Sub-Title: Achieving a “Net Zero” or “Net-Negative” Capacity Build
In previous dialogs we have analyzed and forecast the capital investment requirements of the power system through 2030 ($400 billion for SG applications and $1.6 trillion for power system infrastructure), and presented strategies for reducing those costs such as the 80/20 rule for SG applications deployment, and the potential for SG asset management applications to optimize the replacement of aging infrastructure.
We have also written about the shift to a “net” load forecast for dispatching decisions, and the increasing uncertainty of the “net” load forecast as self-optimizing customers make autonomous decisions about local energy use and distributed resource activation.
While replacement of failing aged equipment can’t be avoided, what about capacity needed for demand growth? A major longer-term benefit of certain SG applications is the deferral of capital expenditures for new power plants through better use of existing plants and equipment.
How does that work? Many of us who have worked in the power sector look at the average utilization rates of 50% - 65% for existing capacity (generation, transmission, and distribution) and, even allowing for peak to average demand ratios, can’t help but think that the utilization rates could be increased, maybe substantially.
Could we even achieve a “net-zero” capacity build for the next decade or two with the help of SG applications? Could we reduce the amount of replacement required with a “net-negative” capacity build? What would the implications be for the current utility business model?
The New Load Curve
Dispatchers do not dispatch to the traditional load forecast any more, i.e., the gross demand of the customer, they use the “net” load forecast: the load that the utility sees at the point of common coupling.
The utility or ISO can itself shape/manage the “net” load through dispatchable demand response, distributed generation (DG), distributed storage (DS), and Virtual Power Plant programs.
However, self-optimizing customers will shape their own load curve autonomously (with little to no visibility to the utility or ISO) by dispatching DG or DS, programming price-responsive devices (including high-speed M2M control loops), and/or charging EVs.

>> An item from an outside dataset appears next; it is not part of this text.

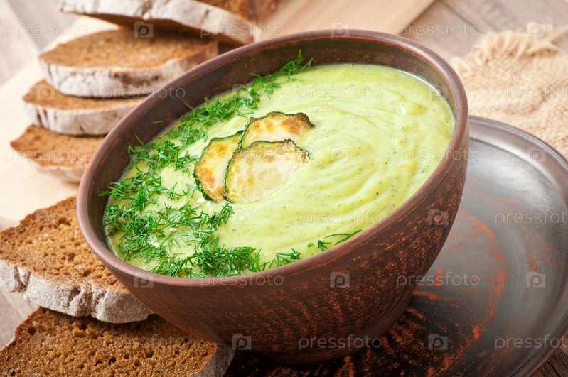 Крем-суп с цуккини в керамической миске

The transactive energy concept aims to create dynamic equilibrium in an integrated power market for all participants including end-use customers, where prices will clear at all nodes in the power system simultaneously (or close to real-time), resulting in a continuing matching of power supply and demand. We are very far from that capability at present (both technologically and policy-wise), and some less optimal and possibly more practical approaches may intervene, such an orderly backlog management/queuing approach based on traffic engineering, see here.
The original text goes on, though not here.